▸ About this exercise
Print out the data that follows exactly, character for character, apart from the pictures.
*** Opening Information shown ***
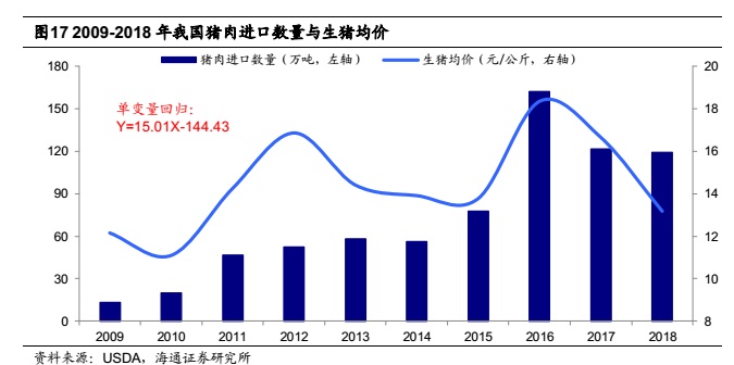 短缺已经非常确定了,根据海通的测算,生猪价格每上升1元/公斤,猪肉进口的增量大约在15万吨左右。近期美国进口的生猪量不断的攀升,因为美国的猪肉价格还是相对便宜的,中国/美国的猪肉价格是美国的1.86倍。但是海外的猪肉是明显不够国内使用的。
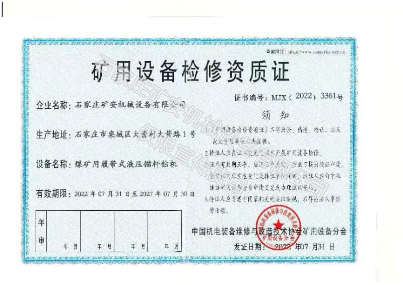 • 礦用設備檢修資質證
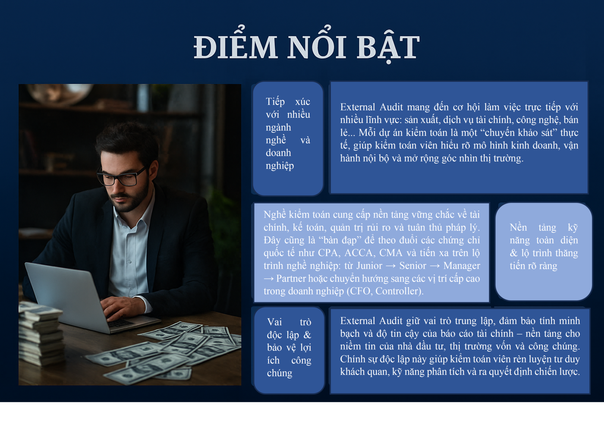 Lộ trình sự nghiệp của một External Auditor là hành trình đầy thử thách nhưng cũng vô cùng giàu giá trị. Bạn bắt đầu từ vị trí thực tập sinh hoặc trợ lý kiểm toán, làm quen với hồ sơ khách hàng, học cách thu thập dữ liệu và nắm quy trình cơ bản. Khi trở thành Staff Auditor, bạn bắt đầu trực tiếp “chạm tay” vào công việc kiểm toán, đối chiếu từng con số, phân tích chứng từ để đảm bảo tính chính xác. Ở vị trí Senior Auditor, bạn không chỉ vững vàng về chuyên môn mà còn dẫn dắt nhóm nhỏ, trở thành cầu nối quan trọng với khách hàng. Cấp độ Manager đánh dấu bước ngoặt: bạn quản lý hợp đồng kiểm toán, điều phối đội ngũ và chịu trách nhiệm về chất lượng báo cáo. Tiến xa hơn, Senior Manager/Director là người lãnh đạo nhiều dự án lớn, xây dựng chiến lược khách hàng và phát triển đội ngũ kế thừa. Và cuối cùng, đỉnh cao của sự nghiệp chính là Partner – người ký báo cáo kiểm toán, hoạch định chiến lược và góp phần xây dựng thương hiệu, uy tín cho cả công ty. Đây không chỉ là một lộ trình nghề nghiệp, mà còn là hành trình khẳng định bản thân, tích lũy uy tín và tạo dấu ấn bền vững trong thế giới tài chính – kiểm toán.
*** Closing Information shown ***
▸ Output of the task
 短缺已经非常确定了,根据海通的测算,生猪价格每上升1元/公斤,猪肉进口的增量大约在15万吨左右。近期美国进口的生猪量不断的攀升,因为美国的猪肉价格还是相对便宜的,中国/美国的猪肉价格是美国的1.86倍。但是海外的猪肉是明显不够国内使用的。
 • 礦用設備檢修資質證
 Lộ trình sự nghiệp của một External Auditor là hành trình đầy thử thách nhưng cũng vô cùng giàu giá trị. Bạn bắt đầu từ vị trí thực tập sinh hoặc trợ lý kiểm toán, làm quen với hồ sơ khách hàng, học cách thu thập dữ liệu và nắm quy trình cơ bản. Khi trở thành Staff Auditor, bạn bắt đầu trực tiếp “chạm tay” vào công việc kiểm toán, đối chiếu từng con số, phân tích chứng từ để đảm bảo tính chính xác. Ở vị trí Senior Auditor, bạn không chỉ vững vàng về chuyên môn mà còn dẫn dắt nhóm nhỏ, trở thành cầu nối quan trọng với khách hàng. Cấp độ Manager đánh dấu bước ngoặt: bạn quản lý hợp đồng kiểm toán, điều phối đội ngũ và chịu trách nhiệm về chất lượng báo cáo. Tiến xa hơn, Senior Manager/Director là người lãnh đạo nhiều dự án lớn, xây dựng chiến lược khách hàng và phát triển đội ngũ kế thừa. Và cuối cùng, đỉnh cao của sự nghiệp chính là Partner – người ký báo cáo kiểm toán, hoạch định chiến lược và góp phần xây dựng thương hiệu, uy tín cho cả công ty. Đây không chỉ là một lộ trình nghề nghiệp, mà còn là hành trình khẳng định bản thân, tích lũy uy tín và tạo dấu ấn bền vững trong thế giới tài chính – kiểm toán.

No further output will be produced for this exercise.